(Saved entries)
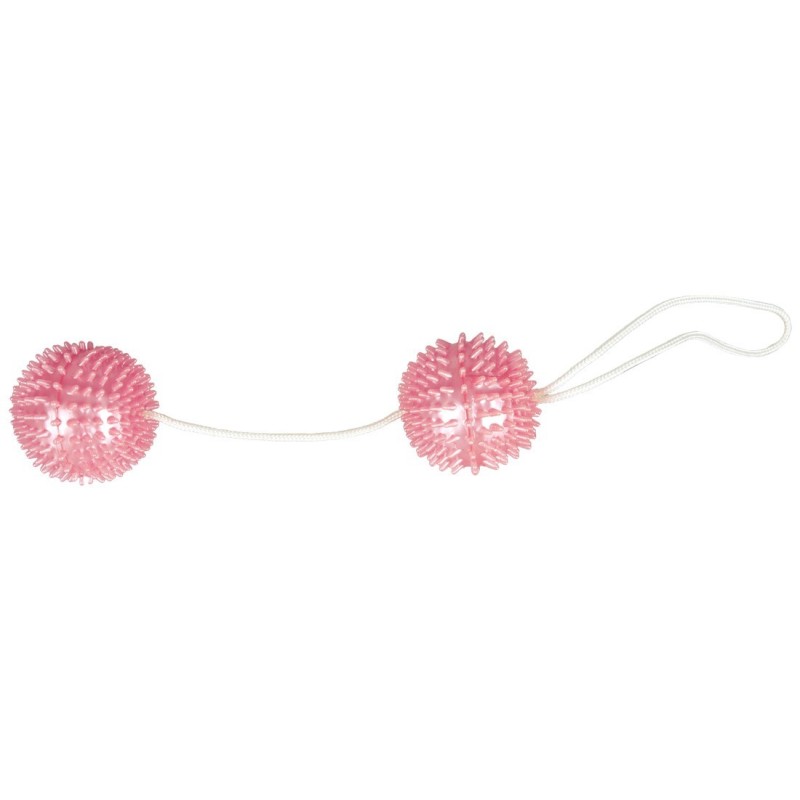 Palline anali vaginali con crestine stimolanti . Prodotto privo di ftalati diametro 3,5 cm realizzati in pvc 2 perle collegate da un cavo. Lunghezza 18,5 cm privo di ftalati secondo regolamento vigente.
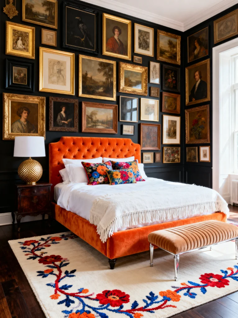 If you want to feel like royalty, this is the room for you. This is “Dark Academia” meets “High Luxury.” The black walls are such a bold, dramatic choice, and they make those gold-framed paintings absolutely pop. It’s like having your own private gallery right in your bedroom. The sheer volume of frames is what makes it work—it’s unapologetically maximalist.
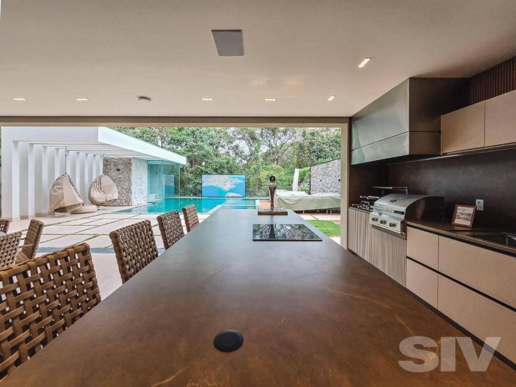 Apresentamos uma mansão de altíssimo padrão e nunca habitada na Riviera de São Lourenço, pronta para morar. Com impressionantes 826,50m² de terreno e 667,47m² de área construída, a residência oferece 06 suítes luxuosas, além de uma suíte de serviço, e conta com 06 vagas de garagem. A propriedade é entregue totalmente mobiliada e decorada, com todos os ambientes climatizados e um avançado sistema de áudio e vídeo completo. O lazer e o entretenimento são o ponto alto. A área externa conta com uma deslumbrante Piscina Aquecida com prainha, cascata e hidro integrada, além de uma Sauna Úmida e a charmosa Praça do Fogo. Para a diversão, a casa possui Telão de LED de 175, Máquina de Pinball e Mesa de Sinuca. A Área Gourmet integrada é perfeitamente equipada com cervejaria, máquina de gelo, chopeira e churrasqueira, ideal para receber com excelência. CASA para Venda em RIVIERA DE SÃO LOURENÇO - BERTIOGA com 661 m2 de área útil, 6 dormitório(s), 6 suíte(s) e 6 vaga(s).
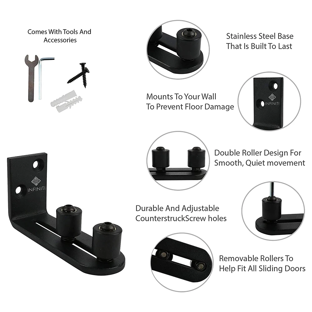 * Наша направляющая для дверей сарая полностью регулируется, совместима с раздвижными дверцами, которые надежно удерживают вашу дверь сарая в течение нескольких лет.
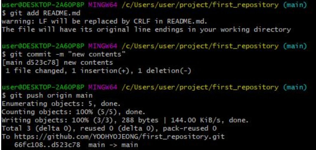 이렇게 로컬 저장소에서의 리드미 파일도 수정된 파일로 변경된 것을 알 수 있다.
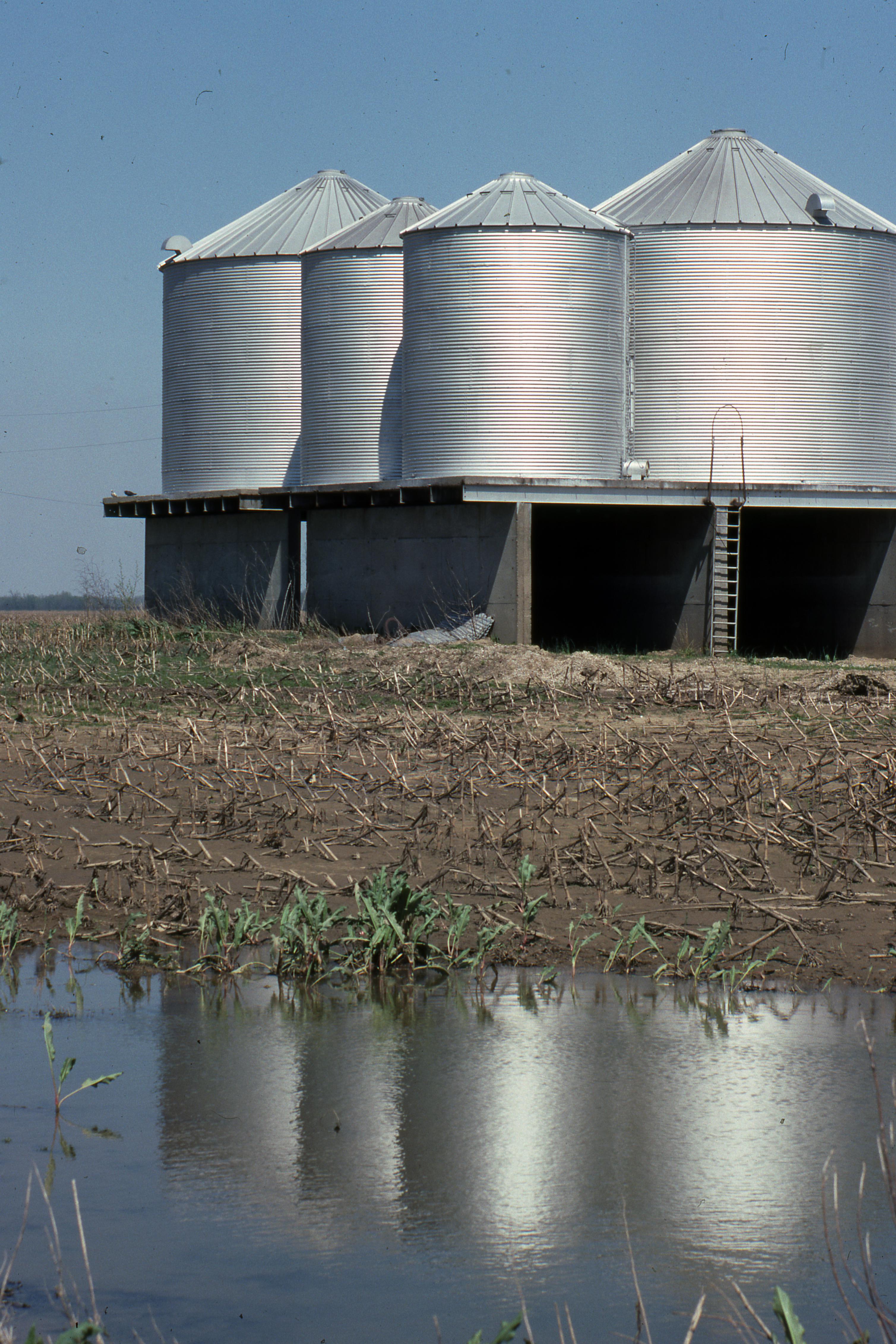 Storage bins or silos in Union Township Dogtown area. Union Township is the southwestern most township in Vanderburgh County and is very sparsely populated because it lies within the Ohio River floodplain. A map of the townships shows this one looking like a balloon hanging into the Ohio River. Dogtown comes from the name of a popular tavern (began sometime after 1915) located here, housed in what was an 1889 Cypress Post Office and Saloon. The tavern is no longer in business.

What is being asked: Repeat every entry exactly, but leave out the pictures.

Finished exercise:
 Palline anali vaginali con crestine stimolanti . Prodotto privo di ftalati diametro 3,5 cm realizzati in pvc 2 perle collegate da un cavo. Lunghezza 18,5 cm privo di ftalati secondo regolamento vigente.
 If you want to feel like royalty, this is the room for you. This is “Dark Academia” meets “High Luxury.” The black walls are such a bold, dramatic choice, and they make those gold-framed paintings absolutely pop. It’s like having your own private gallery right in your bedroom. The sheer volume of frames is what makes it work—it’s unapologetically maximalist.
 Apresentamos uma mansão de altíssimo padrão e nunca habitada na Riviera de São Lourenço, pronta para morar. Com impressionantes 826,50m² de terreno e 667,47m² de área construída, a residência oferece 06 suítes luxuosas, além de uma suíte de serviço, e conta com 06 vagas de garagem. A propriedade é entregue totalmente mobiliada e decorada, com todos os ambientes climatizados e um avançado sistema de áudio e vídeo completo. O lazer e o entretenimento são o ponto alto. A área externa conta com uma deslumbrante Piscina Aquecida com prainha, cascata e hidro integrada, além de uma Sauna Úmida e a charmosa Praça do Fogo. Para a diversão, a casa possui Telão de LED de 175, Máquina de Pinball e Mesa de Sinuca. A Área Gourmet integrada é perfeitamente equipada com cervejaria, máquina de gelo, chopeira e churrasqueira, ideal para receber com excelência. CASA para Venda em RIVIERA DE SÃO LOURENÇO - BERTIOGA com 661 m2 de área útil, 6 dormitório(s), 6 suíte(s) e 6 vaga(s).
 * Наша направляющая для дверей сарая полностью регулируется, совместима с раздвижными дверцами, которые надежно удерживают вашу дверь сарая в течение нескольких лет.
 이렇게 로컬 저장소에서의 리드미 파일도 수정된 파일로 변경된 것을 알 수 있다.
 Storage bins or silos in Union Township Dogtown area. Union Township is the southwestern most township in Vanderburgh County and is very sparsely populated because it lies within the Ohio River floodplain. A map of the townships shows this one looking like a balloon hanging into the Ohio River. Dogtown comes from the name of a popular tavern (began sometime after 1915) located here, housed in what was an 1889 Cypress Post Office and Saloon. The tavern is no longer in business.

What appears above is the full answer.